**Given data**
|---|

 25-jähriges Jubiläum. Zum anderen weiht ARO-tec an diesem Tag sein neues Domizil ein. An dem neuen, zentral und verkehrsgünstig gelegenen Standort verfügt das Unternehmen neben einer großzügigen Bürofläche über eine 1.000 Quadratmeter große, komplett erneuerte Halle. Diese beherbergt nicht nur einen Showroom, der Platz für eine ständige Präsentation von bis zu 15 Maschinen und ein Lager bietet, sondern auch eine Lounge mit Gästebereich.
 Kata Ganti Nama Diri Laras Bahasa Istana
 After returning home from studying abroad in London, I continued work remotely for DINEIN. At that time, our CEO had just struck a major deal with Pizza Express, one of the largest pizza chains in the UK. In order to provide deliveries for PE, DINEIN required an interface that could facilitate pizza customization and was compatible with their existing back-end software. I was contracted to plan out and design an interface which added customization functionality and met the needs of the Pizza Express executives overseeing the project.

|---|

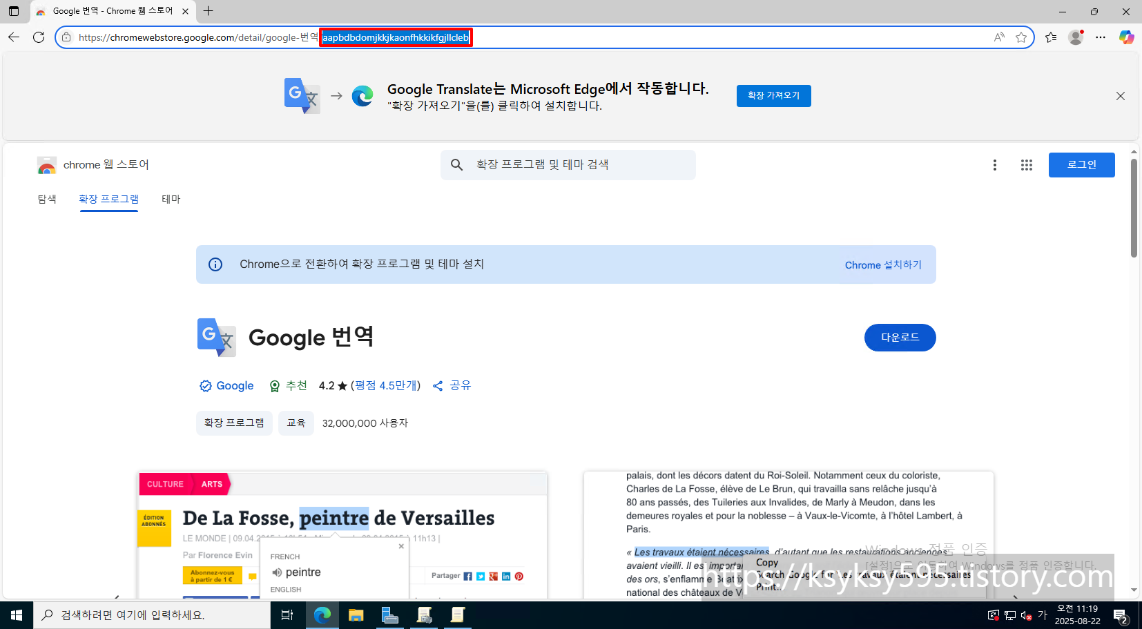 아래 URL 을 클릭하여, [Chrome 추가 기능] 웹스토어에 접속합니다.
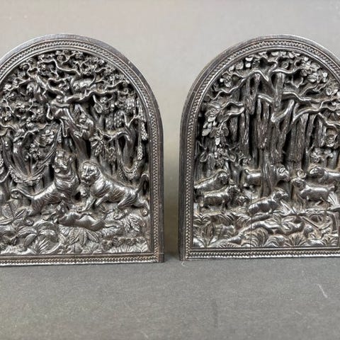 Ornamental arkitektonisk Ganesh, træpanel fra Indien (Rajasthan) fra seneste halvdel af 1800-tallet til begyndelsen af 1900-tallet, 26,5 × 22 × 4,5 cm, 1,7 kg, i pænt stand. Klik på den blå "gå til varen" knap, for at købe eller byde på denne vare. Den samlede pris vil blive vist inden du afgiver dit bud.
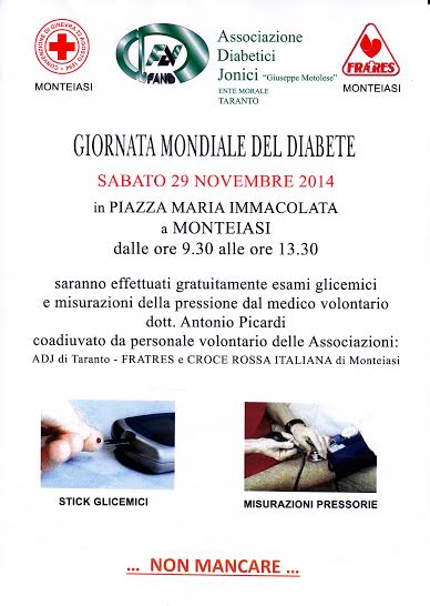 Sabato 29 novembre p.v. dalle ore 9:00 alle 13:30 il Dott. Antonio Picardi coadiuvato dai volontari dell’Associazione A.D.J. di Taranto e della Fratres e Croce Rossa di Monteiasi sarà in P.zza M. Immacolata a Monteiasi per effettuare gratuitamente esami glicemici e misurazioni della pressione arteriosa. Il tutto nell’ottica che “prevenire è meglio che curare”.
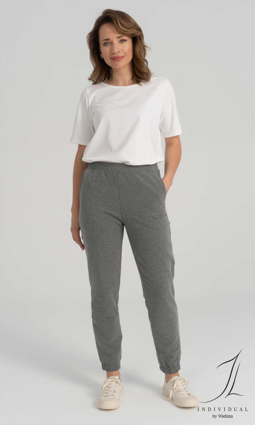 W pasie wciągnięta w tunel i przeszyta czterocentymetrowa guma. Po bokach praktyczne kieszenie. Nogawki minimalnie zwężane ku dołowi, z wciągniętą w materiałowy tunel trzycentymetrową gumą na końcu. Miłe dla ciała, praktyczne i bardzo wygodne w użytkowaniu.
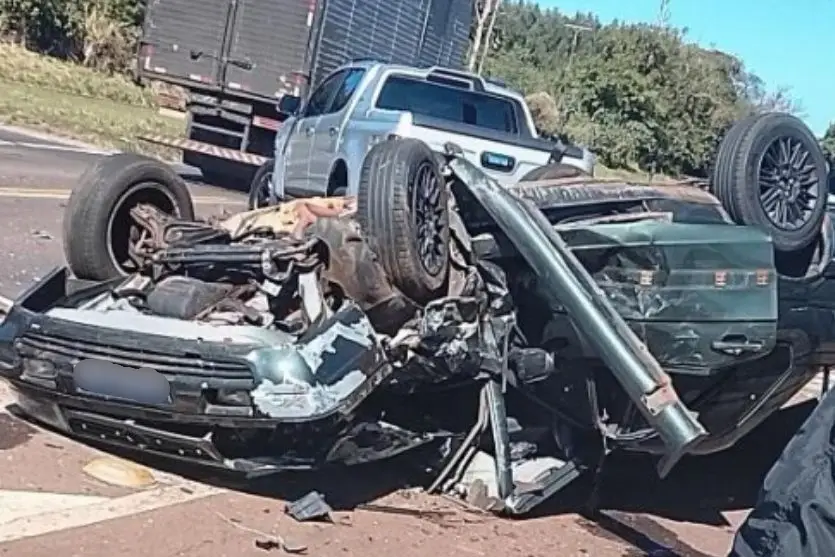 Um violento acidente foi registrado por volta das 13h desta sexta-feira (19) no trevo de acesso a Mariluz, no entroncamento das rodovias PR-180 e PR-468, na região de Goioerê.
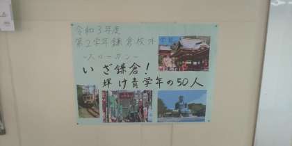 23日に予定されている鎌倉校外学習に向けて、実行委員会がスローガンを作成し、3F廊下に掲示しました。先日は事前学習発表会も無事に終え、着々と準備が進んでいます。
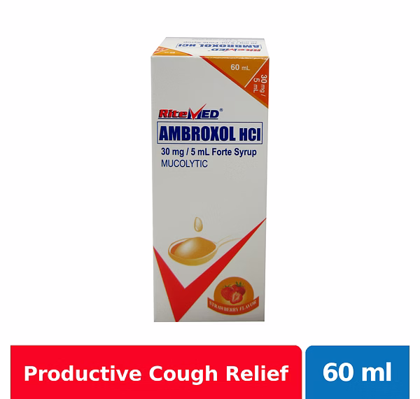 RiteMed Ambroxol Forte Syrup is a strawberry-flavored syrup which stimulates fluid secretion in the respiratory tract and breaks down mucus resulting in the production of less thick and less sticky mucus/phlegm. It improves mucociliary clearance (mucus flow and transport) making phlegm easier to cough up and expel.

|---|

**Your assignment**
In the data above, find the line containing "W pasie wciągnięta" and the line containing "23日に予定されている鎌倉校". Copy exactly the stretch from the first through the second, both included, leaving out any picture.

**Task output**
 W pasie wciągnięta w tunel i przeszyta czterocentymetrowa guma. Po bokach praktyczne kieszenie. Nogawki minimalnie zwężane ku dołowi, z wciągniętą w materiałowy tunel trzycentymetrową gumą na końcu. Miłe dla ciała, praktyczne i bardzo wygodne w użytkowaniu.
 Um violento acidente foi registrado por volta das 13h desta sexta-feira (19) no trevo de acesso a Mariluz, no entroncamento das rodovias PR-180 e PR-468, na região de Goioerê.
 23日に予定されている鎌倉校外学習に向けて、実行委員会がスローガンを作成し、3F廊下に掲示しました。先日は事前学習発表会も無事に終え、着々と準備が進んでいます。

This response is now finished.